* EXERCISE: Copy the listing exactly, please, and keep every picture out of it.

* INFORMATION PROVIDED:
★ ★ ★ ★ ★

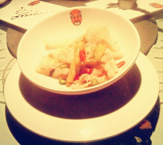 同事点了川菜代表的泡椒凤爪,挺地道的,泡椒的香气既刺激又辣爽,过瘾,凤爪处理得很干净,指甲都剪掉了,不是很肥,不过凤爪的口感非常Q弹,超开胃。;
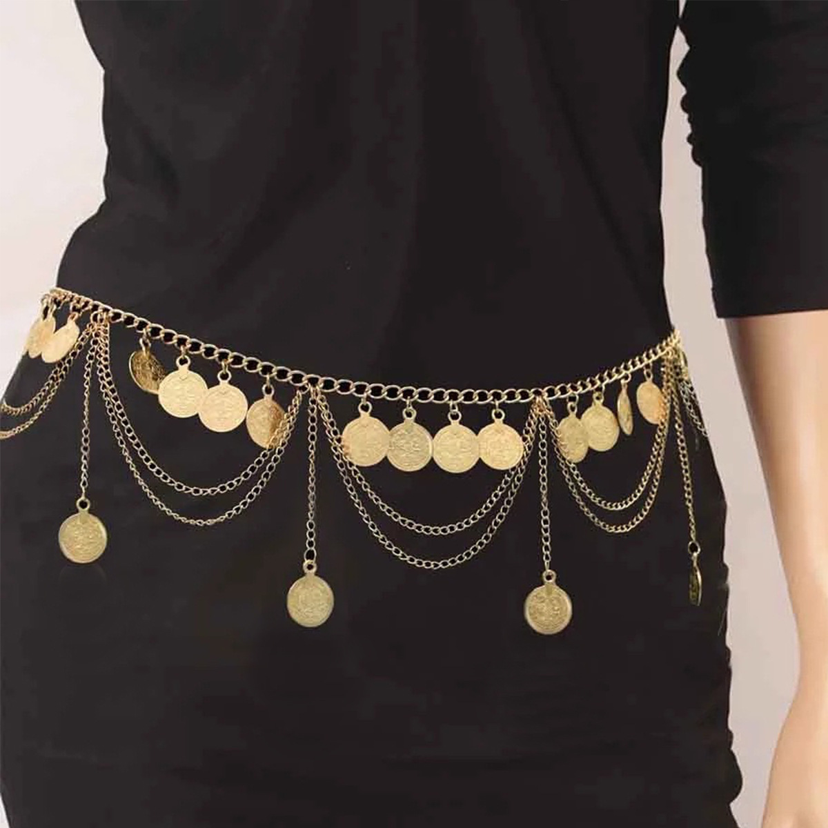 Ретро этнический стиль многослойная древняя монета цепочка талии цепи женские платья высокого уровня чувство украшения живота танец талии цепи оптом
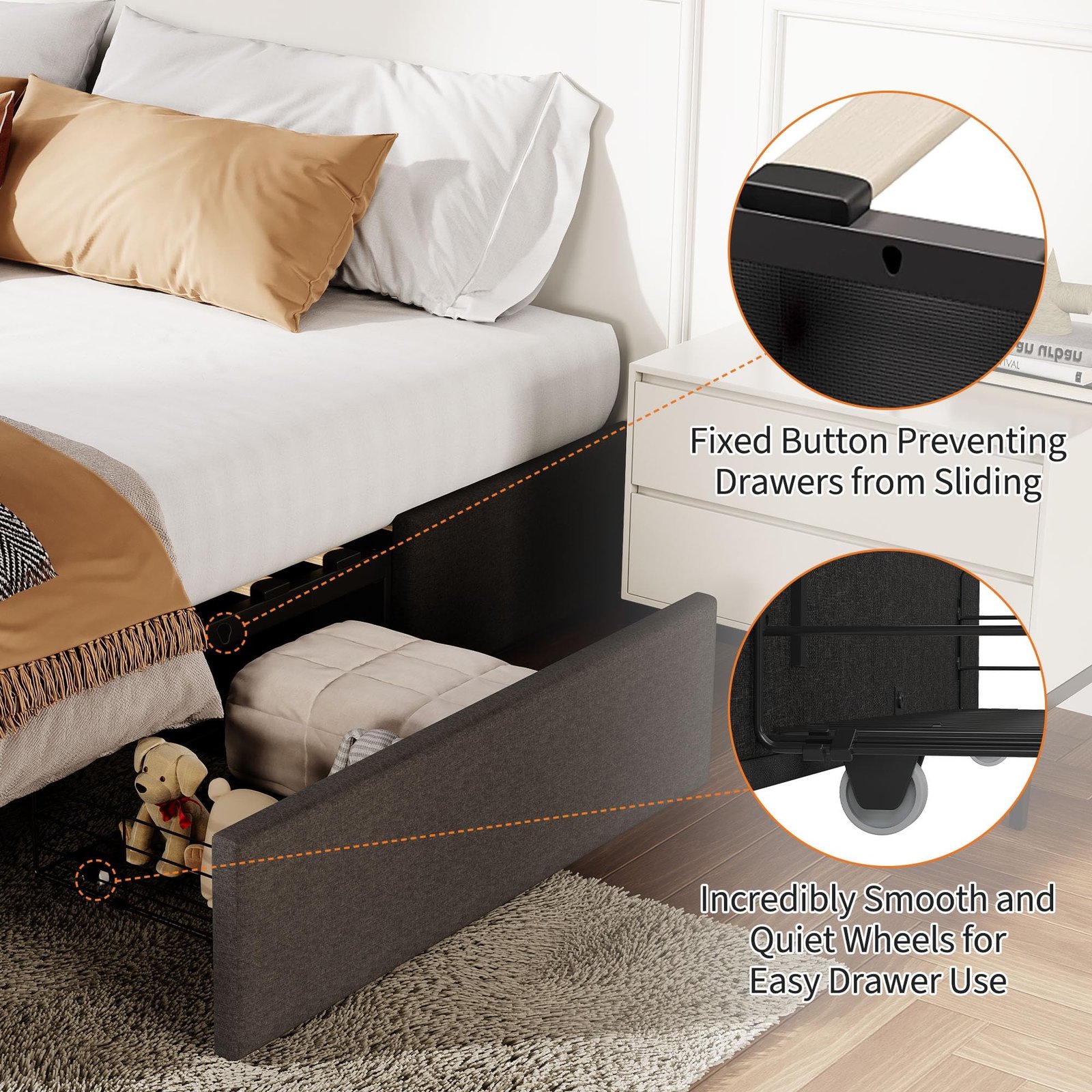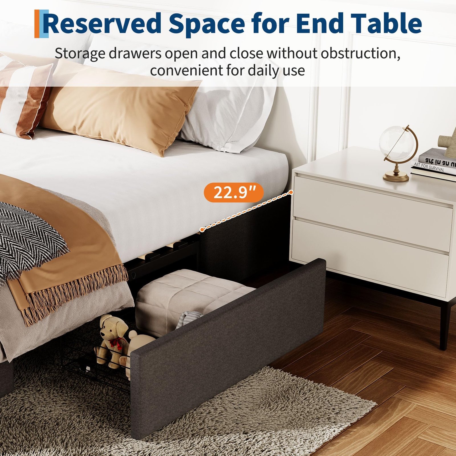 Ample Storage Space: Designed with 1 side drawer on each side and 1 large drawer at the bed end, offering ample storage space for your accessories

★ ★ ★ ★ ★

* EXERCISE SOLUTION:
 同事点了川菜代表的泡椒凤爪,挺地道的,泡椒的香气既刺激又辣爽,过瘾,凤爪处理得很干净,指甲都剪掉了,不是很肥,不过凤爪的口感非常Q弹,超开胃。;
 Ретро этнический стиль многослойная древняя монета цепочка талии цепи женские платья высокого уровня чувство украшения живота танец талии цепи оптом
 Ample Storage Space: Designed with 1 side drawer on each side and 1 large drawer at the bed end, offering ample storage space for your accessories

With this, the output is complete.